# Prüfen ob Befehl ausgeführt wurde moeglich?



## java66 (4. Sep 2009)

Hallo zusammen,

habe eine Frage ist es moeglich aus Java heraus einen bsp.(UNIX Befehl) den ich vom Client aus auf dem Server ausführe zu prüfen ob der richtig ausgeführt wurde? also einen rückgabewert zu bekommen...

bsp. 
wenn ich ein Prozess kill mache unter unix
moechte ich ja wissen ob dieser Prozess nun gekillt ist oder nicht?

Danke für jeden Tip

mfg
rome


----------



## java66 (4. Sep 2009)

meine Idee wenn das so nicht klappen sollte ist es dem Server ein Datenpaket zu schicken dort den status der programm rein schreiben zurück schicken und auswerten.
Aber es muss doch mit weniger traffic gehen oder ???
Oder bin ich total auf dem falschen dampfer

Ziel ist es.
Ein script(UNIX/LINUX oder Batch....) auszuführen und zu prüfen ob es so gearbeitet hat wie ich es wollte.
Habt ihr vileicht ideen für eine alternativ lösung??


----------



## Michael... (4. Sep 2009)

java66 hat gesagt.:


> ist es moeglich aus Java heraus einen bsp.(UNIX Befehl) den ich vom Client aus auf dem Server ausführe zu prüfen ob der richtig ausgeführt wurde?
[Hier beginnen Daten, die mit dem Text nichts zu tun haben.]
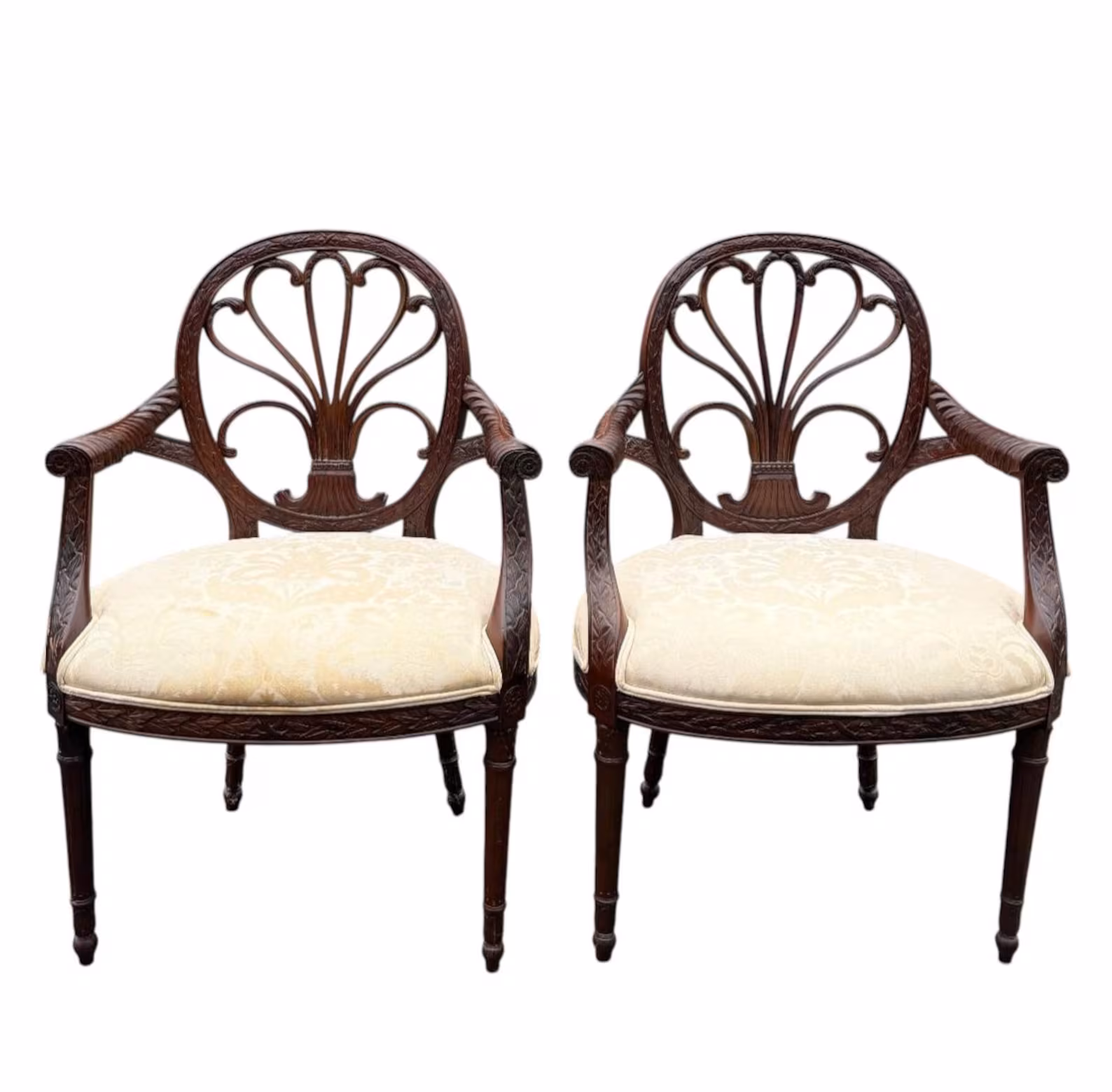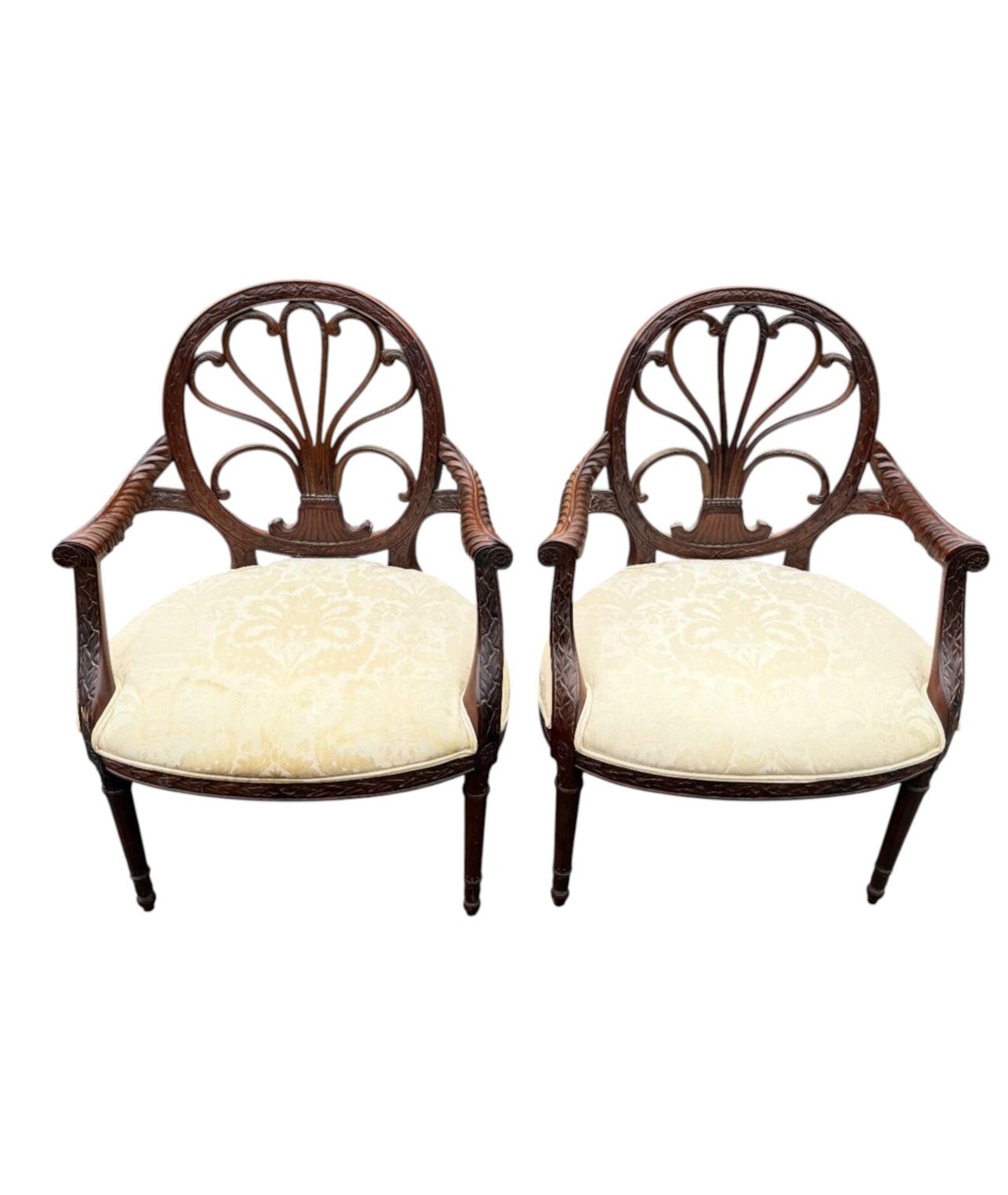 This pair of classic Adams style chairs have oval solid wood backs with carved leaves and a feather like fan. The curved arms are carved like branches and the laurel leaf carving continues onto the frame and the tapered legs. Nice wide, comfortable seats are upholstered in cream damask fabric. In good condition. Small spot on the fabric of one chair as seen in the photo. A few marks on the wood can easily be covered with old English polish.
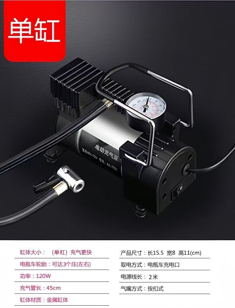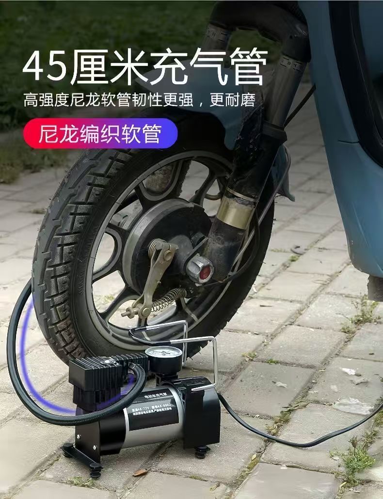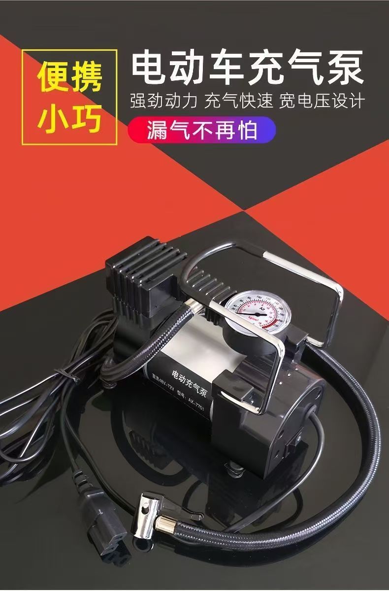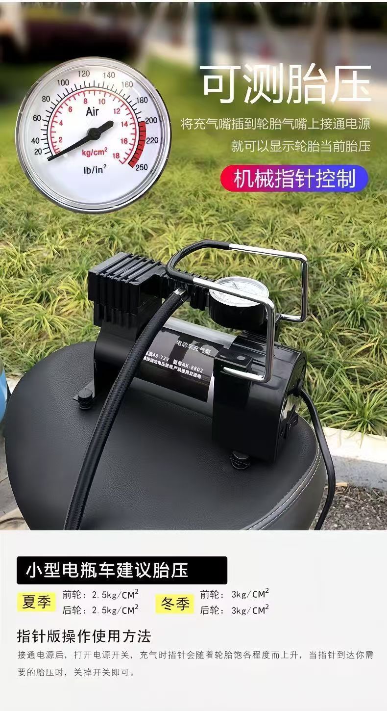德国进口电瓶车充气泵48v60v72v通用电动车打气筒小巧便携轮胎充
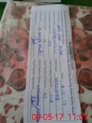 | Total no. of Classrooms: 6 No. of Classrooms Used for Teaching: 6 No. of Classrooms Storing Old Furniture, FTBs, etc: 0Comments if Any: Muhammad Ibraheem Mali seriously ill brain cancer He applied for meadical leave25 March 2017 |
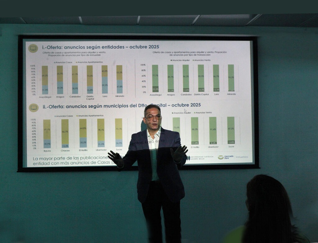 «Esta es una alianza con un partner estratégico como la UCAB, que nos está apoyando con el procesamiento de la data. Lo que buscamos es llenar vacíos de información de mercado con mucha data de Mercado Libre. No pretendemos establecer ningún tipo de marco de precios; estamos hablando de intención de venta», sostuvo Belisse Guerra, gerente comercial del mercado inmobiliario para Venezuela y Colombia en Mercado Libre, quien informó que los reportes se actualizarán cada seis meses.
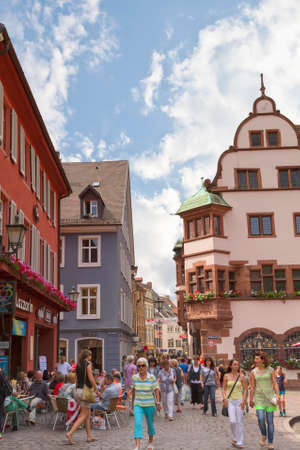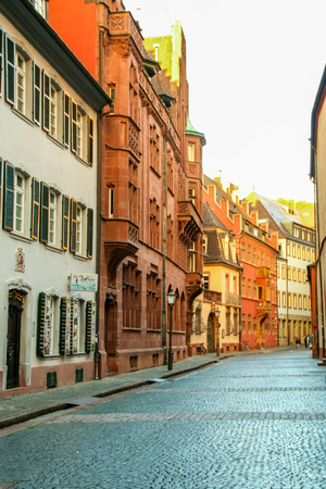 FREIBURG IM BREISGAU, GERMANY - AUGUST 6, 2014: Old town street in Freiburg, a city in the south-western part of Germany in the Baden-Wurttemberg state.
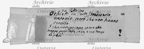 - 'Occhietti da Violino in carta Stradivario / Antonio però che non hanno / servito / p[er]che non seriano come che / troppo riscoltate in sù e così troppo / in piedi' (autografo di Cozio di Salabue)
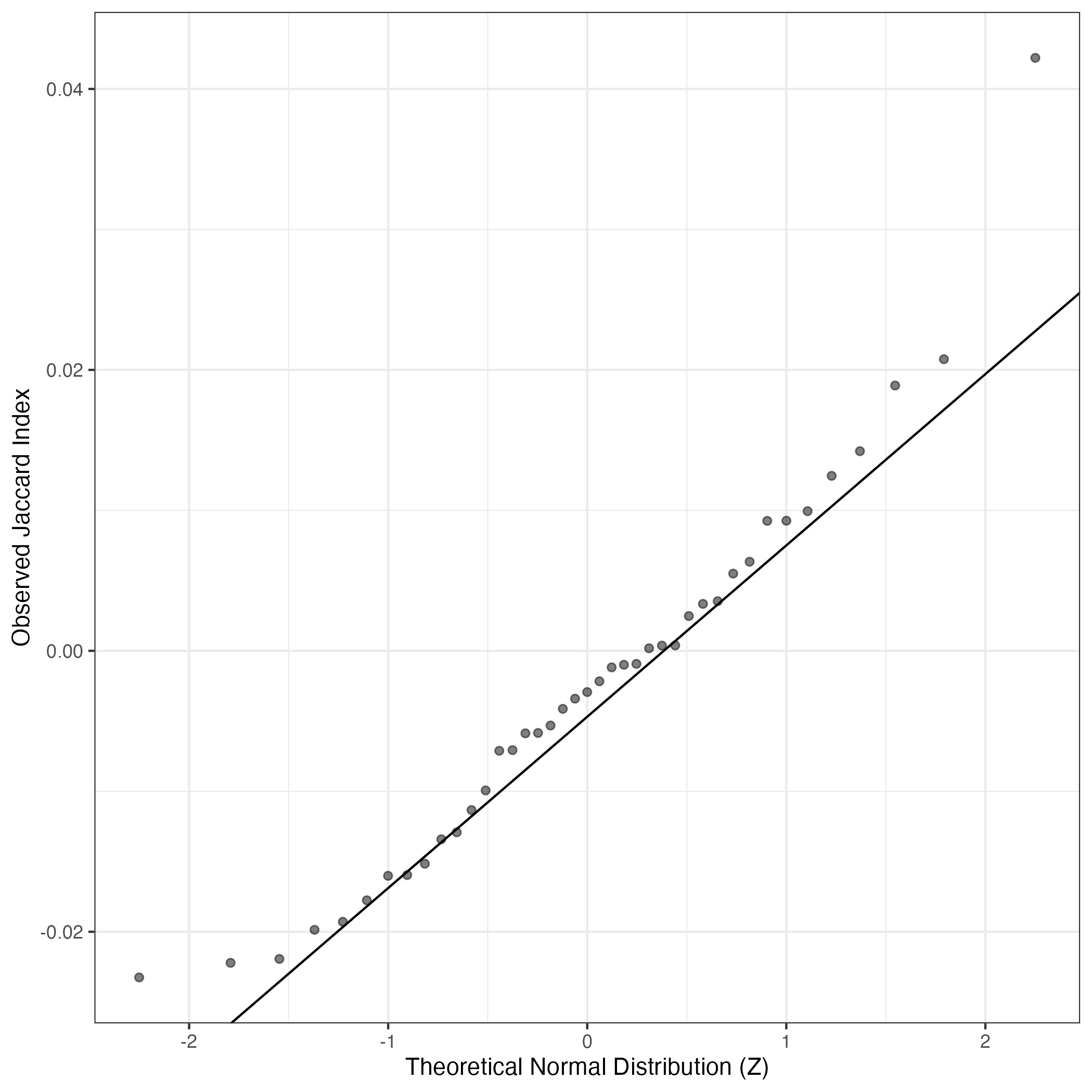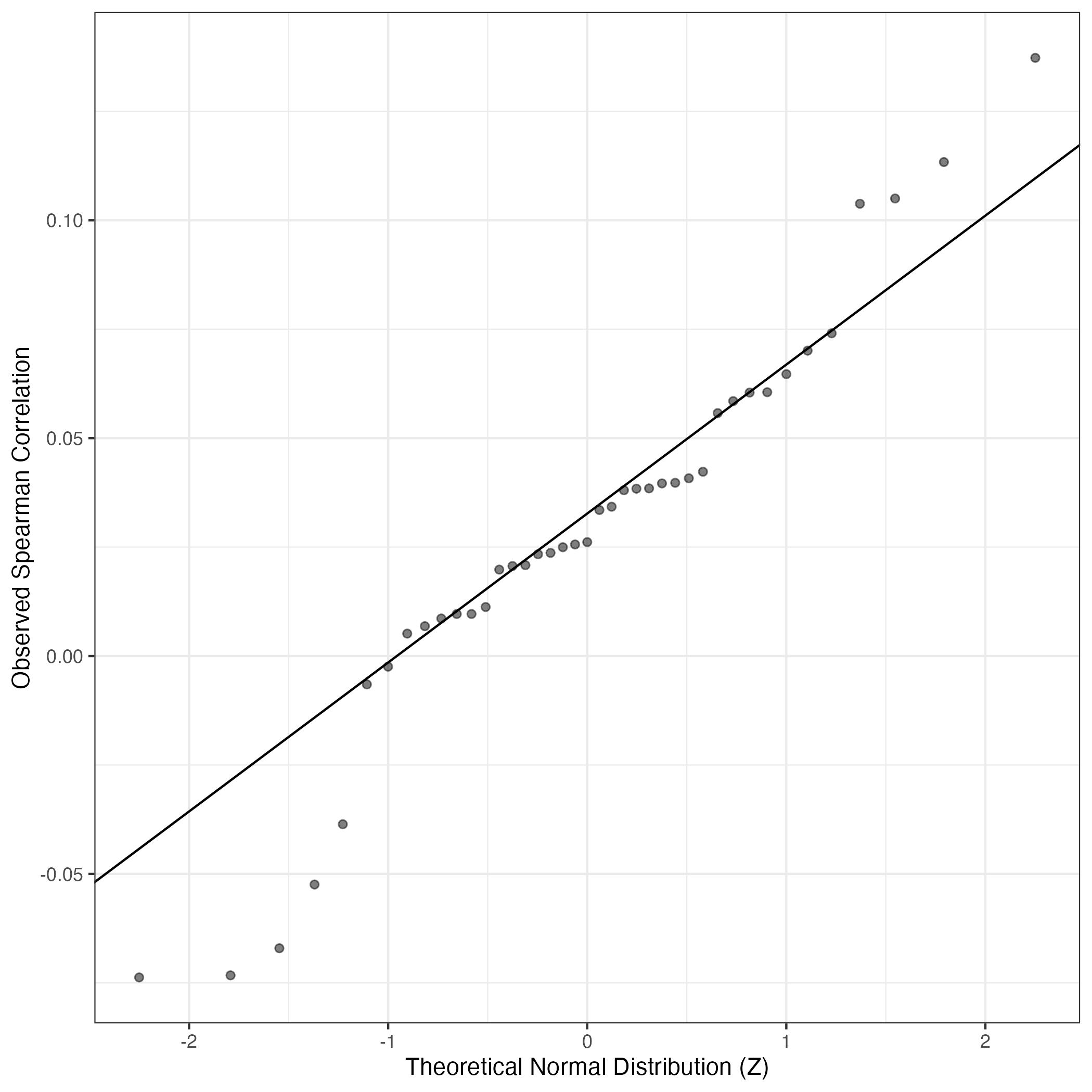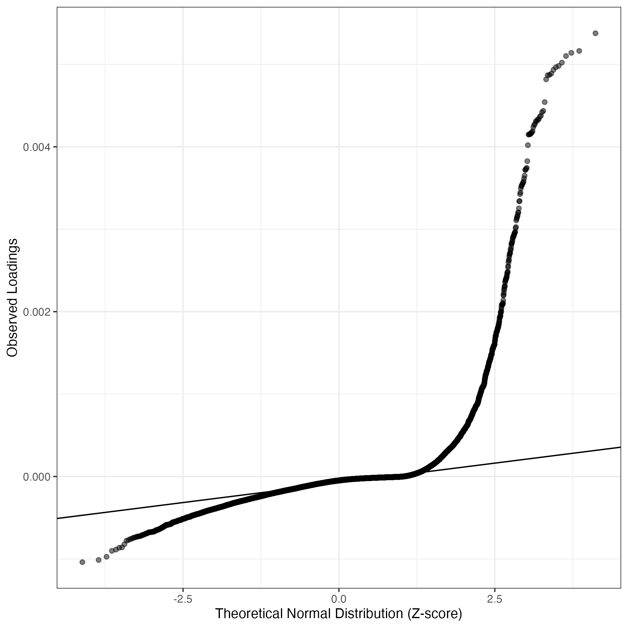 QQ-plot of gene loadings, averaged over both independent splits of the data

Wie führst Du denn den Befehl aus Java heraus aus?


----------



## java66 (5. Sep 2009)

das hab ich noch nicht gemacht es geht mir noch um die moeglichkeit.
Das man die befehle ausführen kann hab ich schon heraus gefunden aber noch nicht gemacht muss noch das system bei mir Simulieren.
Im moment geht es mir nur darum heraus zu finden ob jemand schonmal sowas in der richtung gemacht hat und tips und tricks für mich hat


----------



## DocRandom (11. Sep 2009)

...guckst Du hier im Inselbuch unter 10.6 Ausführen externer Programme und Skripte

lg


----------



## tuxedo (11. Sep 2009)

Du stellst dich an:

Nimm RMI/SIMON/etwas vergleichbares und sende damit das "Kill-Signal" vom Client zum Server (Client ruft selbst kreierte Methode auf dem Server auf, z.B.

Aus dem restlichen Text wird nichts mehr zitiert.